I started farming on a small organic farm in Montgomery County Maryland five summers ago. At the time it was just a way to complete my high school service hours, but as I got more involved, I built an interest that would take me another four summers of farming to satiate. When I first started, I wondered why I had volunteered to go out into the Maryland summer heat and spend my whole day battling the elements, weeds, and pests. But as I kept working, I learned about the value of sustainable agriculture and the mission many local farmers work towards every day. We were working towards the lofty ideal of making our food system sustainable. Terp Farm has been an excellent outlet to continue this mission.

The work I have done the past two seasons on Terp Farm have built a base knowledge in agriculture and sustainable 18739172_1602382476461155_8511202871340475151_opractices that I hope to apply to my studies here at the University of Maryland. After learning in high school the potential benefits of spreading sustainable agriculture projects to communities that are vastly under-served by our food system, I decided to study Environmental Science and Policy at Maryland, so as to better understand the policy side of the environmental and sustainable field.
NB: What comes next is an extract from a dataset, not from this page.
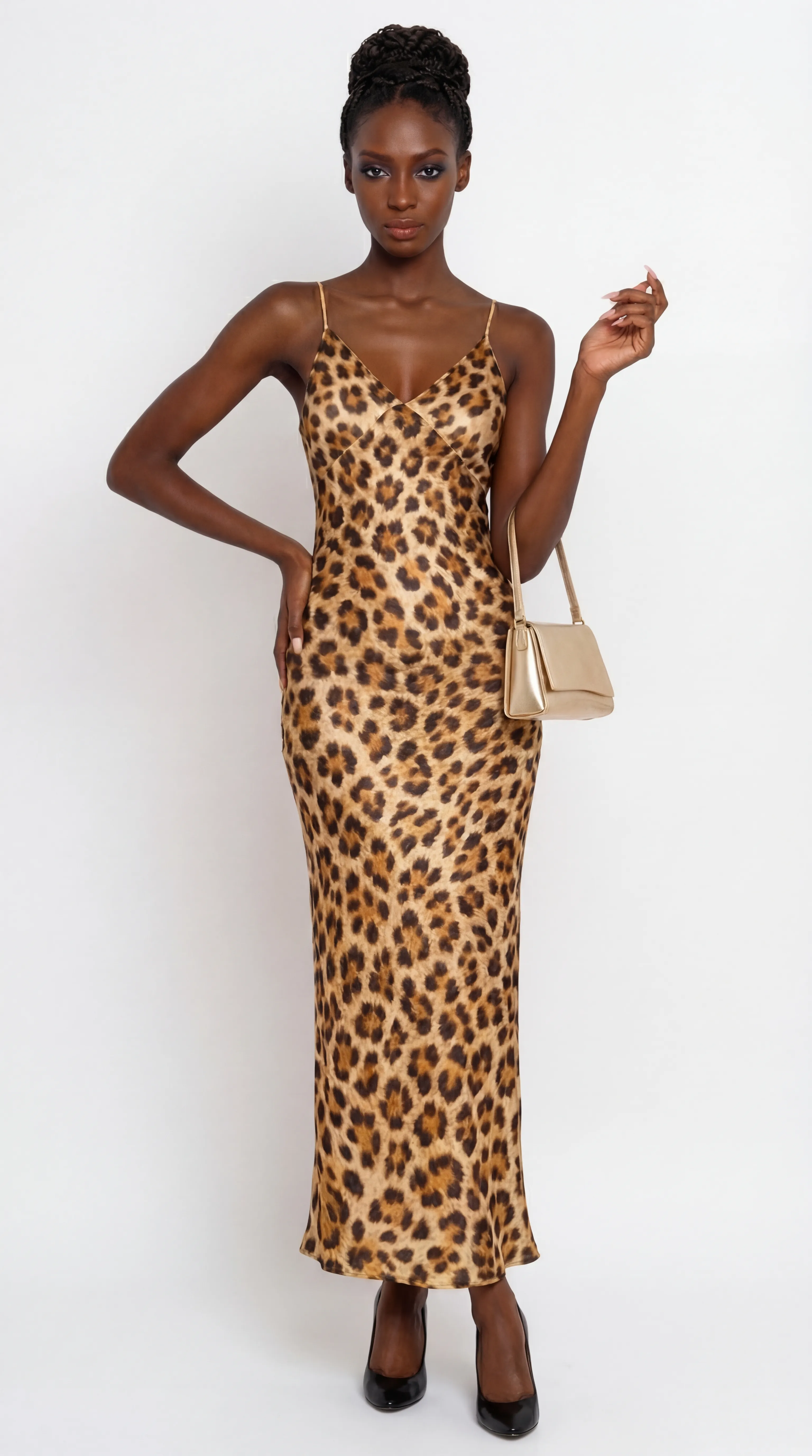 Unleash your inner confidence with the MUS549. Crafted from radiant premium silk in a striking leopard print, this slip dress pairs a delicate two-strap front with a dramatic draped cowl-back, offering the ultimate blend of bold personality and timeless luxury.

I believe that my experience working at Terp Farm has made me more knowledgeable when it comes to understanding the limitations and best practices of implementing projects similar to Terp Farm. I think those who want to fully understand a topic like sustainable agriculture would best help themselves by experiencing the difficulties of working on and supporting a farm. Farming isn’t easy, and those involved in the field face a multitude of challenges on a daily basis that would be harder to predict or comprehend if not immersed in the subject matter. For this experience from Terp Farm, I am incredibly grateful.
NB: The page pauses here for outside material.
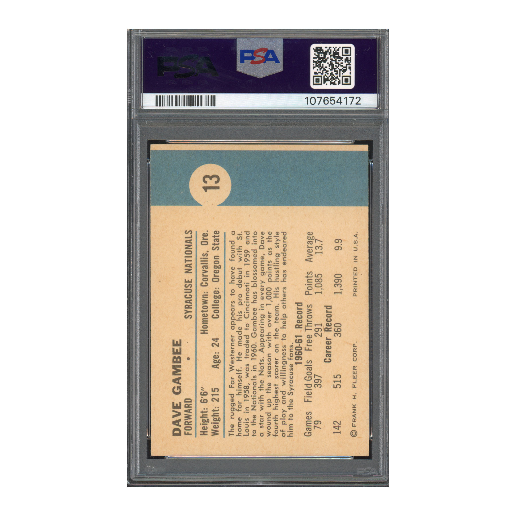 This 1961 Fleer #13 card features Dave Gambee in his rookie season. Graded PSA 7 (Near Mint) and boasting a perfect PSA/DNA 10 autograph, this vintage issue offers sharp corners, solid centering, and a crisp signature. A rare piece from an early Fleer basketball release.

In addition to the knowledge I gained during my time on Terp Farm, I also gained practical experience that can come in handy in the future. I now know how to operate a variety of tractors, set up a solid set irrigation system on a field, and the best ways to deal with a variety of the pests you might see in your field. I also know a lot of the most important first steps to creating my own farm, and every year I spend out on a farm, I itch a little more to create one of my own. I am also glad to have met so many individuals who work with the state of Maryland to research agricultural problems and help farmers to better their farms. The University’s Agricultural Research and Education Centers provide a wealth of knowledge that I may not have known about if Terp Farm had not introduced me to the Upper Marlboro Research and Education Center and the extremely experienced individuals who work there.

Terp Farm has given me a knowledge bank to help me pursue future endeavors, it has taught me to live my life in a more sustainable way, and maybe most importantly, I got to learn how to drive a tractor! I hope every student gets to experience the benefits the project brings to campus in their own way be it visiting the farm, or just enjoying the fresh produce it brings to the dining halls.